Un argomento tanto fragile quanto le «parole del Signore» è quello che fa riferimento a 1 Corinzi 15:5ss. Paolo vi descrive come il Risorto è successivamente apparso a Pietro, poi ai Dodici, in seguito a più di cinquecento fratelli nello stesso tempo, a Giacomo, a tutti gli apostoli e infine a lui stesso. Paolo conosce quindi, si dice, i discepoli immediati di Gesù, ed è per mezzo di loro che ha sentito parlare di Gesù. Sia pure, ma a condizione che i discepoli gli abbiano fatto comunicazioni in merito a questo. Ma il nostro testo non ne dice nulla, e ci si può domandare se i Dodici, come pretendono i vangeli, siano stati personalmente in rapporto con Gesù. Essi, per la verità, possono aver avuto visioni del risorto, non si dovrebbe meravigliarsene da parte di uomini soggetti a esaltazioni religiose: ciò che vedono con gli occhi della loro mente non può per nulla confermare la materialità di ciò che avvistano, non più di quanto la presunta visione di Damasco prova in qualche modo la materialità storica di ciò che Paolo ha visto. Del resto, quest'ultimo non avrebbe nemmeno visto Gesù, ma sarebbe stato circondato solo da una luce imprecisa accompagnata da una voce che egli attribuiva, nel suo stato d'animo, a Gesù, ma senza che si abbia la minima garanzia che quella attribuzione mirasse ad un Gesù storico. Altrimenti sarebbe necessario, dalla visione di cui è stata privilegiata la contadina di Lourdes, concludere per la storicità della Vergine Maria. Il testo stesso che riporta le visioni del risorto è, dal punto di vista della critica letteraria, dei più sospetti. Non sono solo i filologi, ma anche i teologi che vedono nel passo 1 Corinzi 15 ss. un'interpolazione tardiva, o perlomeno un testo fortemente rimaneggiato.
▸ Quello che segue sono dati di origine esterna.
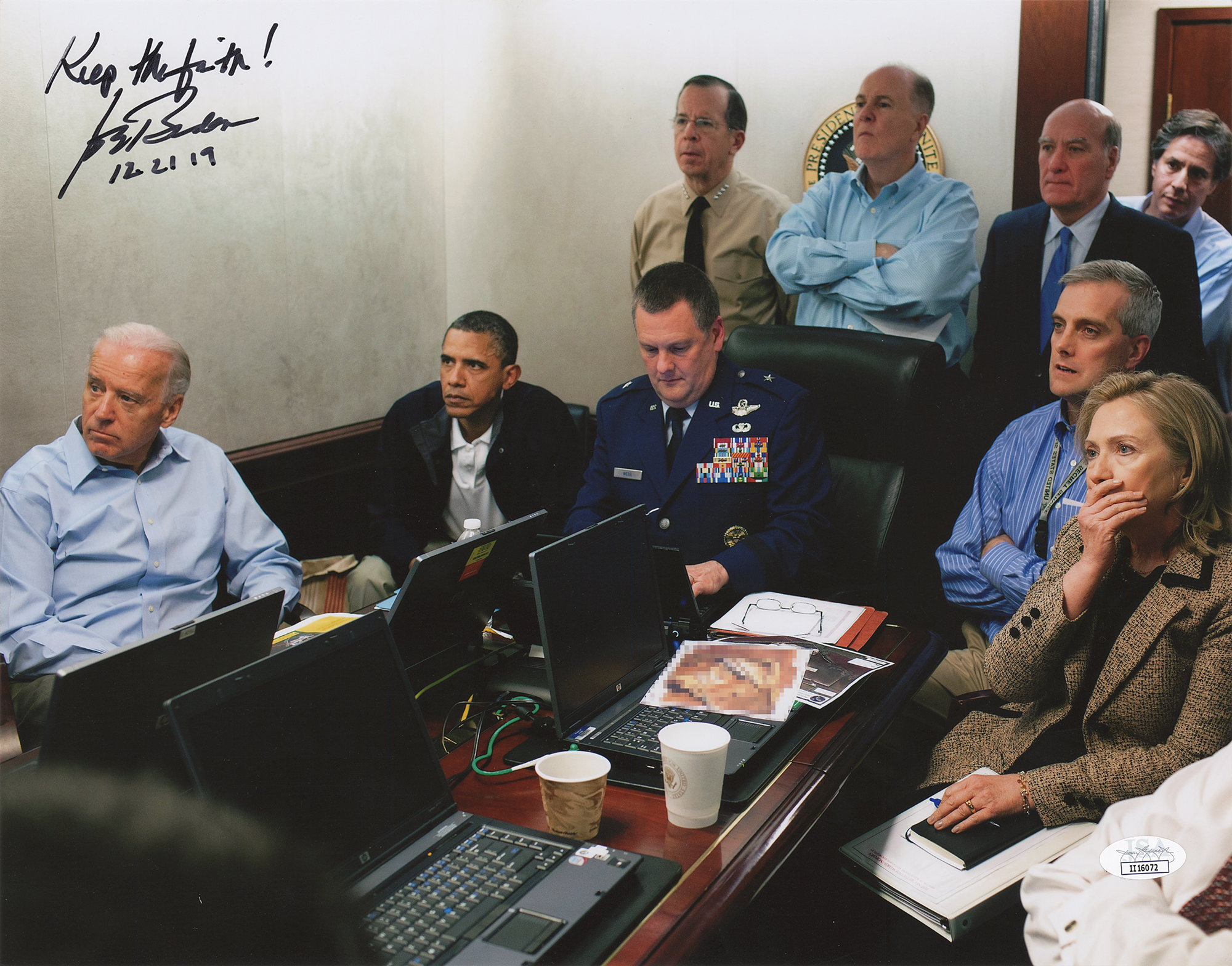 Color satin-finish 14 x 11 photo of President Barack Obama, Vice President Joe Biden, and former Secretary of State Hillary Clinton, along with other members of the national security team, as they receive an update on the mission against Osama bin Laden in the Situation Room of the White House on May 1, 2011, signed in black felt tip, "Keep the faith! Joe Biden,"with another hand adding the date, "12-21-19." In very fine condition, with a JSA label affixed to the lower corner. Accompanied by a letter of authenticity from JSA.

Ciò che dice Paolo è in flagrante contraddizione con i vangeli, dove il risorto sarebbe apparso dapprima alle donne [16] e dove, dopo il tradimento di Giuda, restano solo undici discepoli ai quali — in Luca [17] — si mostra Gesù. Ben singolare è anche  in questo racconto la menzione di Giacomo, i cui rapporti con suo «fratello» Gesù, secondo i vangeli, erano rimasti abbastanza distanti, e di cui i vangeli ignorano che fu privilegiato di una tale visione. Non si può quindi respingere a priori l'opinione che vede nei versi da 5 a 11 un'interpolazione tardiva, in ogni caso, questo passo non può essere considerato un argomento a favore della storicità di Gesù. [18]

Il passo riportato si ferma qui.